# Question from a new member...



## War_Eagle (Dec 29, 2010)

Why are so many threads locked? There are some that looked really interesting and I'd liked to have posted in them but they're locked. 

Why is that?


----------



## Andres (Dec 29, 2010)

they're probably old. The get locked after so long. Not sure exactly what the time requirement is. The only other reason would be if a new thread gets too hot and heavy. When people can't play nice, the mods often have no choice but to close a thread early. Of course you've already mentioned you can still read through them, so I would check and see if a question you have hasn't already been answered. If it's something you really want to ask, you could always start a new thread.


----------



## Semper Fidelis (Dec 29, 2010)

Threads are automatically closed after there have been no posts in a thread for at least 30 days. Forums are like conversations in a Coffee Shop. You don't walk into a group discussion with people that stopped a conversation a month ago and suddenly pick up an old conversation as if everyone knows, immediately, the context of the conversation. Often it presents a lot of confusion because the new post is noted and people don't notice that there have been several responses to the initial post.

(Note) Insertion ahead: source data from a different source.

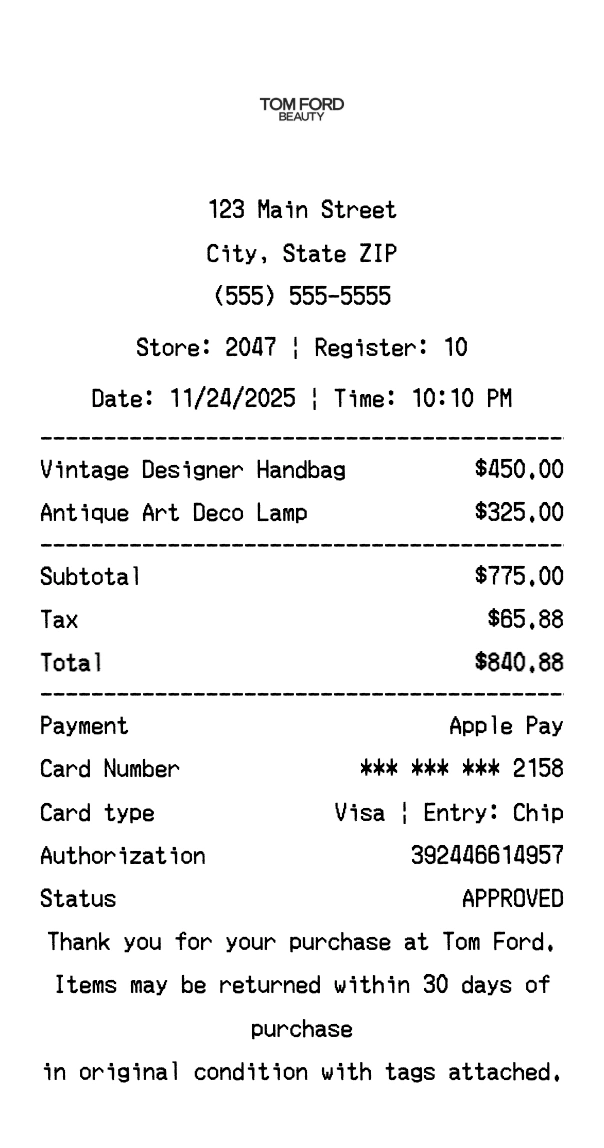 Create authentic Tom Ford receipts for luxury fashion purchases. Our free receipt generator tool helps you create professional, detailed receipts instantly. Perfect for business expense tracking, reimbursement requests, and personal documentation. Download high-quality PNG receipts in seconds, no signup required.
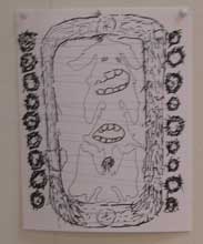 And on the way into and out of the space, a couple of Lowe drawings that are a surprise. They had that satanic emanation thing going on that reminded me of the heavy metal show “scarab” that some of these folks participated in at Project Room a few years back.
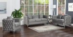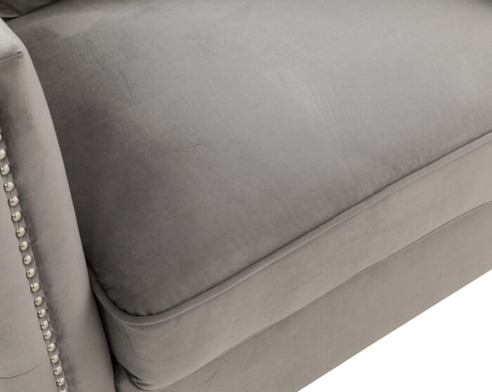 Tags: 10" Back Height, 2 Throw Pillows Included, 20.5" Seat Height, 21.5" Seat Depth, 42" Seat Width, 7" Seat Cushion Thickness, Chrome Metal Legs, Foam Filled Seats with Pocket Coil Springs, gray, Handmade Button Tufted, Handmade Nailhead Trim, Non-removable Tight Back Cushion, Removable Loose Seat Cushion, velvet
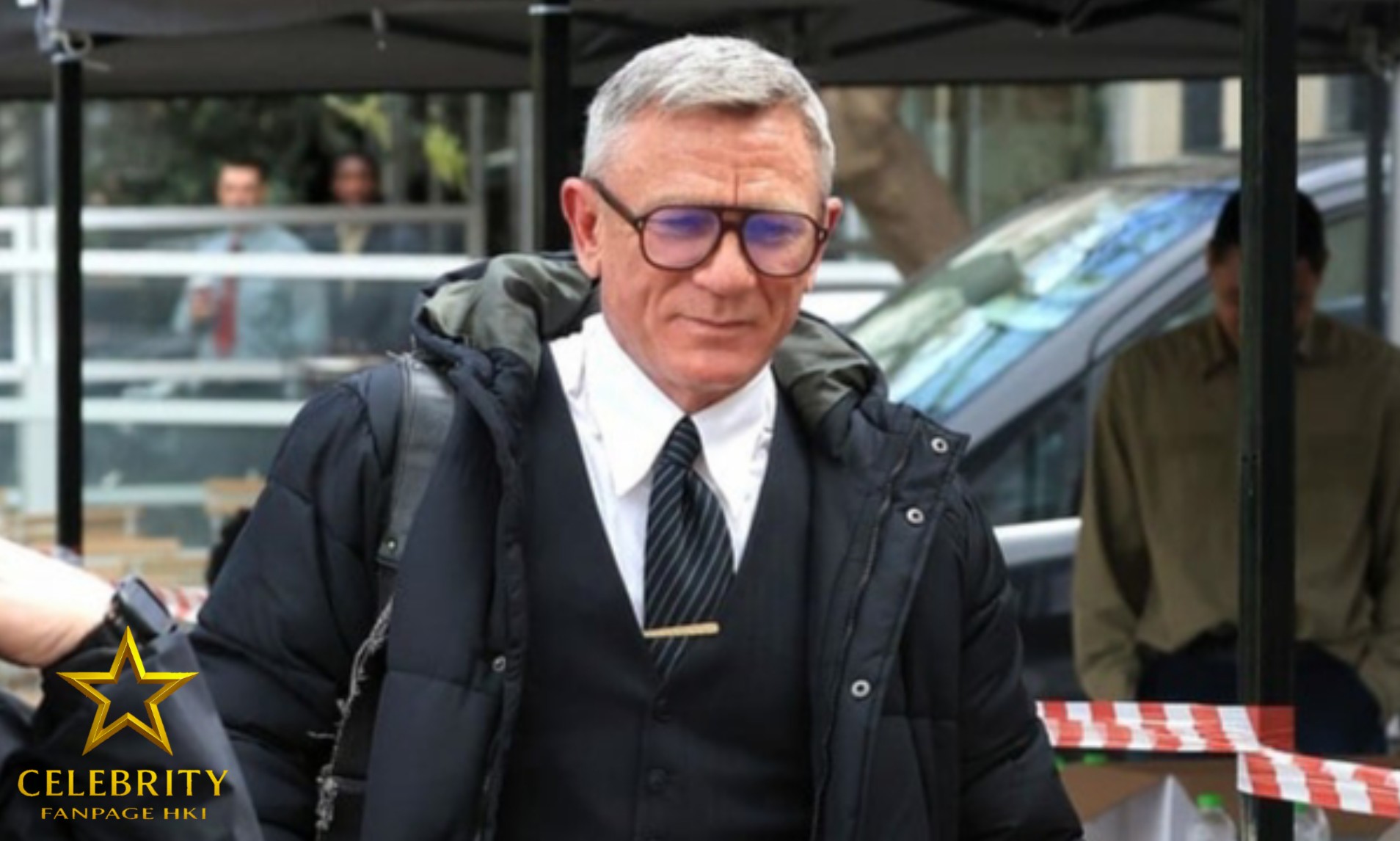 For his time on set, Daniel sported gray hair while wearing aviator-style glasses and a black suit.
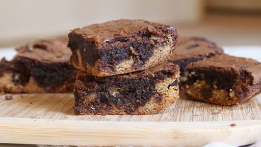 In medium bowl, stir Brownie Layer ingredients until well blended. Spread on top of cookie layer in pan.
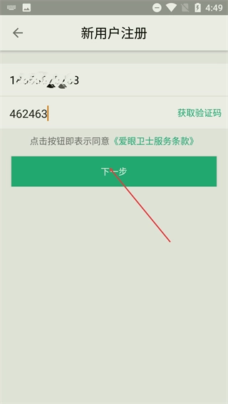 在新用户注册页面,先填写手机号,接着获取并输入验证码,随后点击【下一步】按钮,就能继续推进注册流程。

If you want to re-address a particular thread then copy the thread URL and cite it in your post and start a new conversation.


----------



## Andres (Dec 29, 2010)

Semper Fidelis said:


> Threads are automatically closed after there have been no posts in a thread for at least 30 days.



Cool, I never knew this was the requirement! Thanks Rich.


----------



## War_Eagle (Dec 29, 2010)

OK. That explains a lot, then.

Thanks.


----------